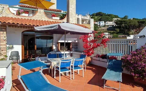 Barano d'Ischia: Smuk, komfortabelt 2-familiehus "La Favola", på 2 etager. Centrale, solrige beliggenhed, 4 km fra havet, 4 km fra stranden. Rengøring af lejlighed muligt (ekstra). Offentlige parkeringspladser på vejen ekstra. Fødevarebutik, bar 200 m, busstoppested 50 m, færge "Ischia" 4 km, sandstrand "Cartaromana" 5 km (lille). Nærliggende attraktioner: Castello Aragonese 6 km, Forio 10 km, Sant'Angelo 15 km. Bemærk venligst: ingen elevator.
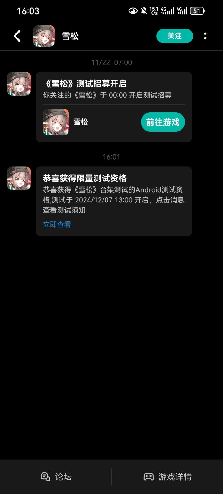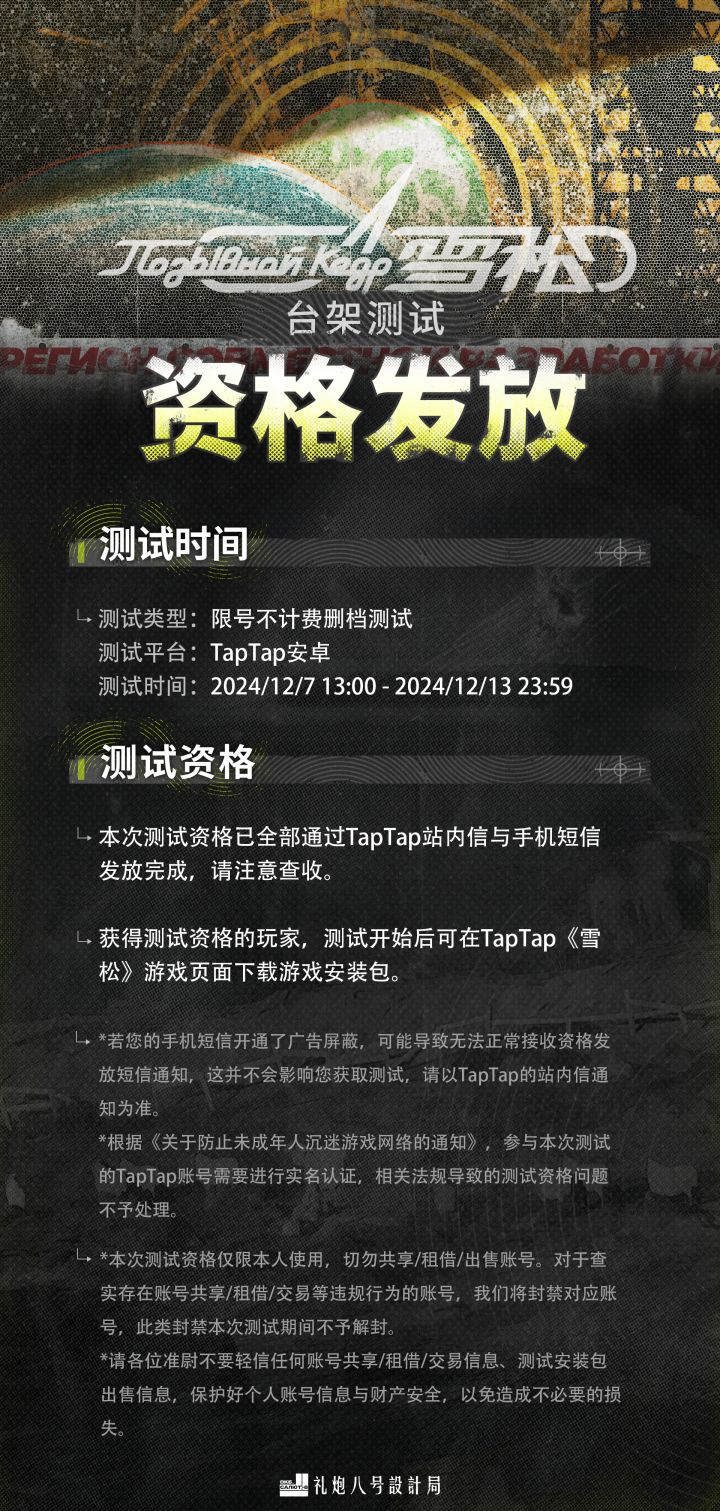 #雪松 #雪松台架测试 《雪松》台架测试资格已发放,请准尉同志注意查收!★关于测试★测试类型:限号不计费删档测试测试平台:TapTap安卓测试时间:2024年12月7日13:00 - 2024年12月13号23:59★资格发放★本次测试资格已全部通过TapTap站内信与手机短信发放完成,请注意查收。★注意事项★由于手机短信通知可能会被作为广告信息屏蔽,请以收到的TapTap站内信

---+---

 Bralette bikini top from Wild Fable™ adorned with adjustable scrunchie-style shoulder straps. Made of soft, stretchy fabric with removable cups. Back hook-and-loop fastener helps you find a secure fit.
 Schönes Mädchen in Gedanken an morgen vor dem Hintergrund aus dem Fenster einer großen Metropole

---+---

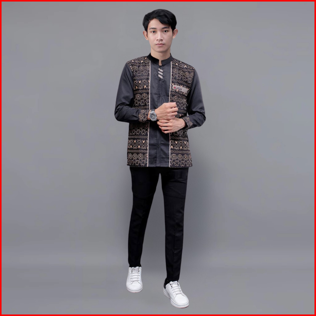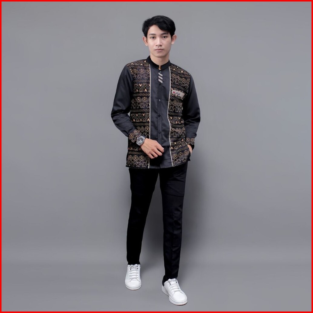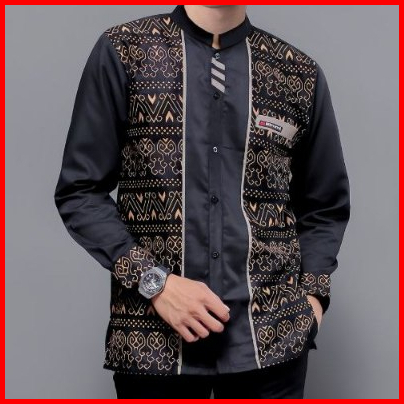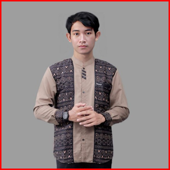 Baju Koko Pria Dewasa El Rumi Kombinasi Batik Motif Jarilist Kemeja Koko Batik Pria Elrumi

---+---

> _Prompt_
Only the lines above from the one with "Bralette bikini top" up to and including the one with "Schönes Mädchen in" should be repeated, exactly as written.

> _Exercise output_
 Bralette bikini top from Wild Fable™ adorned with adjustable scrunchie-style shoulder straps. Made of soft, stretchy fabric with removable cups. Back hook-and-loop fastener helps you find a secure fit.
 Schönes Mädchen in Gedanken an morgen vor dem Hintergrund aus dem Fenster einer großen Metropole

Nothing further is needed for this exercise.